In April 2020, we convened a Movement Pulsecheck to explore this in-depth. Additionally, we began tracking which states were releasing COVID-19 data on cases and deaths disaggregated by race. We released a public demand for all states to report this data in support of monitoring the ways structural racism exacerbates the pandemic. By the end of April 2020, we began establishing the COVID-19 Data Tracker that captures the number of Black folks reported as having tested positive for or died from COVID-19.

The first iteration of this dataset involved manually clicking on each state website, taking down the number of cases and deaths for Black people, and populating that data into a google sheet. Over time, as more states began reporting and we contemplated how data might change day to day, we set out on a mission to build a code base that scrapes COVID-19 race/ethnicity data from official state websites in an automated fashion and combines these daily snapshots into a publicly available dataset.

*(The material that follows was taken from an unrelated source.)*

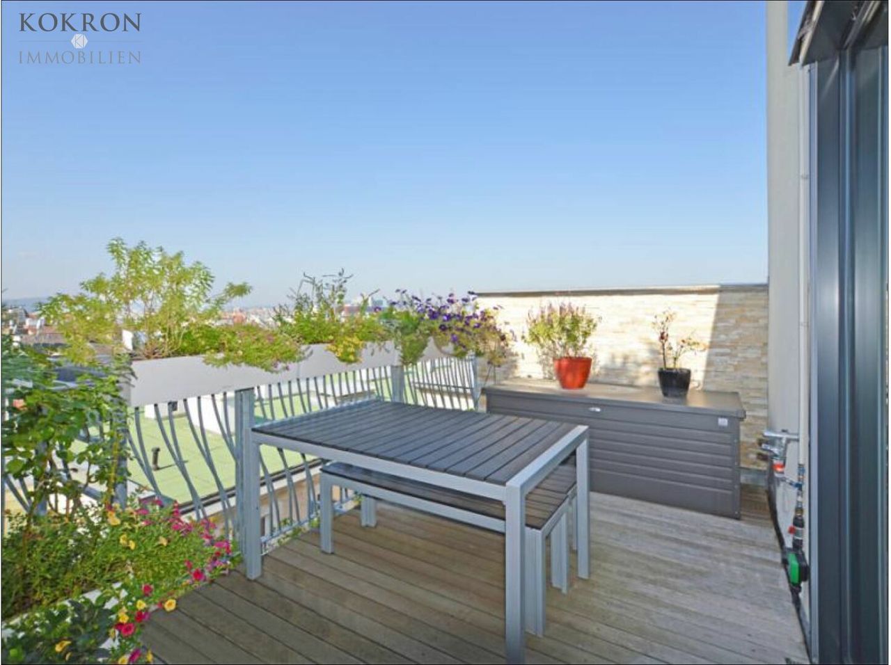 Ein weiteres Highlight wartet auf der dritten Ebene der Wohnung: eine spektakuläre Sonnenterrasse verwöhnt mit einem 360° Blick in alle Himmelsrichtungen.

The Director of Research, Jamelle Watson-Daniels, began writing code for the start of the codebase. Once it became clear that the scope of the project would be quite involved, Jamelle brought on two lead D4BL volunteers: Sydeaka Watson and Natarajan Krishnaswami. The team encountered several challenges in their efforts to extract data from state websites.

  1. Variation in data extraction methods: There is no consistent reporting strategy or mechanism across state websites. State websites report COVID data in various ways including: CSV and excel worksheets, text embedded in HTML code, text in static PDF documents, image snapshots of tables (stored as image files), Tableau dashboards and graphs (bar charts, pie charts, etc).

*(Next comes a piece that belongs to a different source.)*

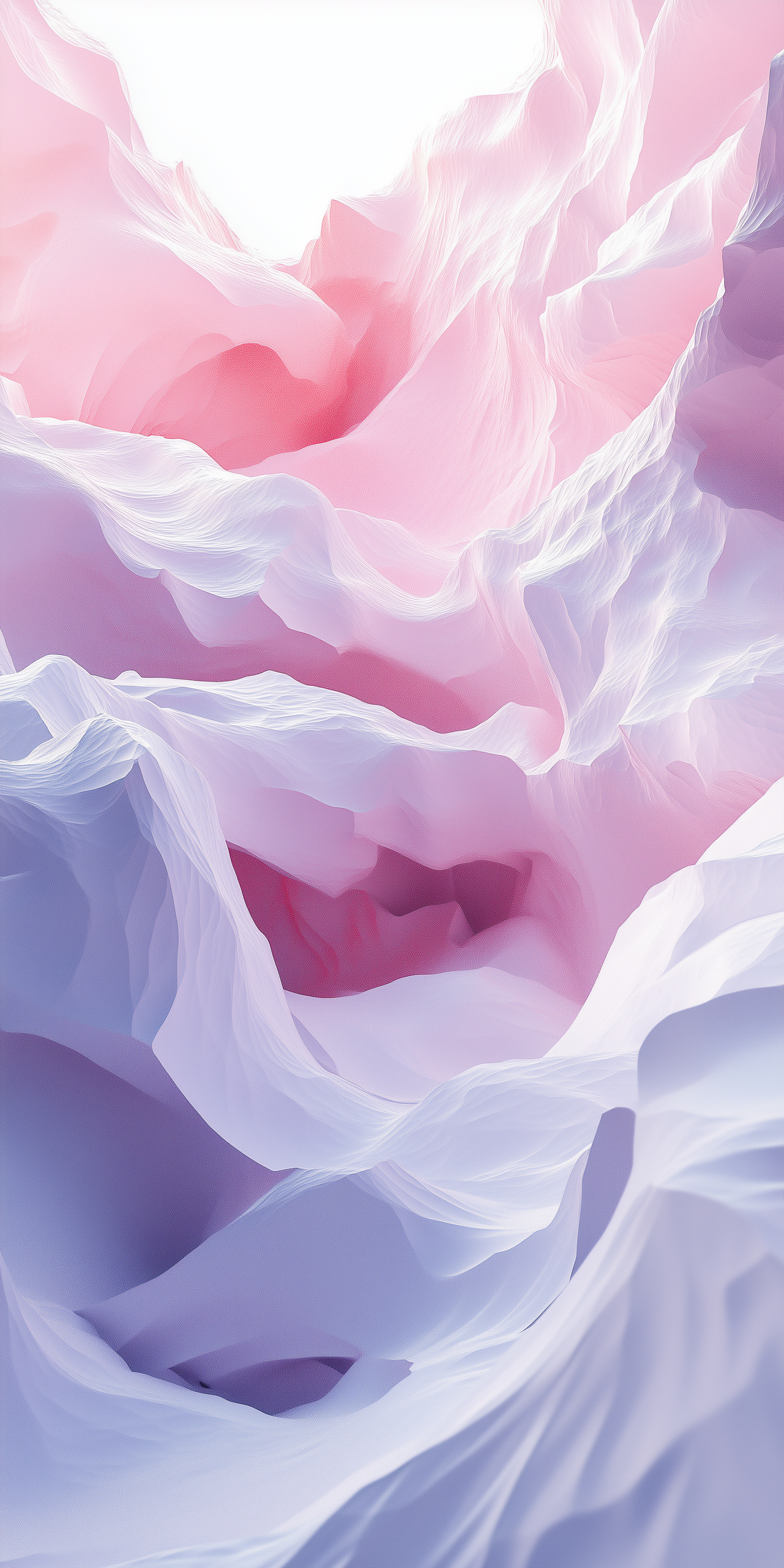 Abstract pastel artwork with flowing layers of pink, lavender, and white, resembling a dreamy canyon or fabric folds.

  2. Website changes and/or updates: Often, after the team developed code to successfully extract data from a given state website, states would change their reporting mechanism. This led to the adoption of a code management strategy in which the team would monitor the state websites and edit and at times completely rewrite the code for that state.

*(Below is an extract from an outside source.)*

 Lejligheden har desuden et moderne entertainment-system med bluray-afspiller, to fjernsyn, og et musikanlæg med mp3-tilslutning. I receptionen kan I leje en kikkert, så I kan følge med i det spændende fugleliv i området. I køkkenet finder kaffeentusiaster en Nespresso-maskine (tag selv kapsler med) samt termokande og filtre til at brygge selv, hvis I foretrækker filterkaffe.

  3. Specialized extraction techniques: The state websites that report data via image snapshots of tables and/or graphs seemed to require the use of special software such as Optical Character Recognition (OCR) in order to enable the computer to ‘read’ the data. This non-standard technique required specialized skills.
  4. Discrepancies in reporting standards: There are moments when states changed the way they count cases and deaths attributed to COVID-19 or the way these counts are reported. Thus, any dataset based on state website data faces the challenge of how to address or account for these sudden shifts.
  5. Discrepancies in dealing with racial categories: When demographic breakdowns are given, the team had to understand how cases with unknown race are accounted for in demographic percentages and whether race or race/ethnicity categories are used for the breakdowns, e.g., “Black Non-Hispanic” or “Black or African American.”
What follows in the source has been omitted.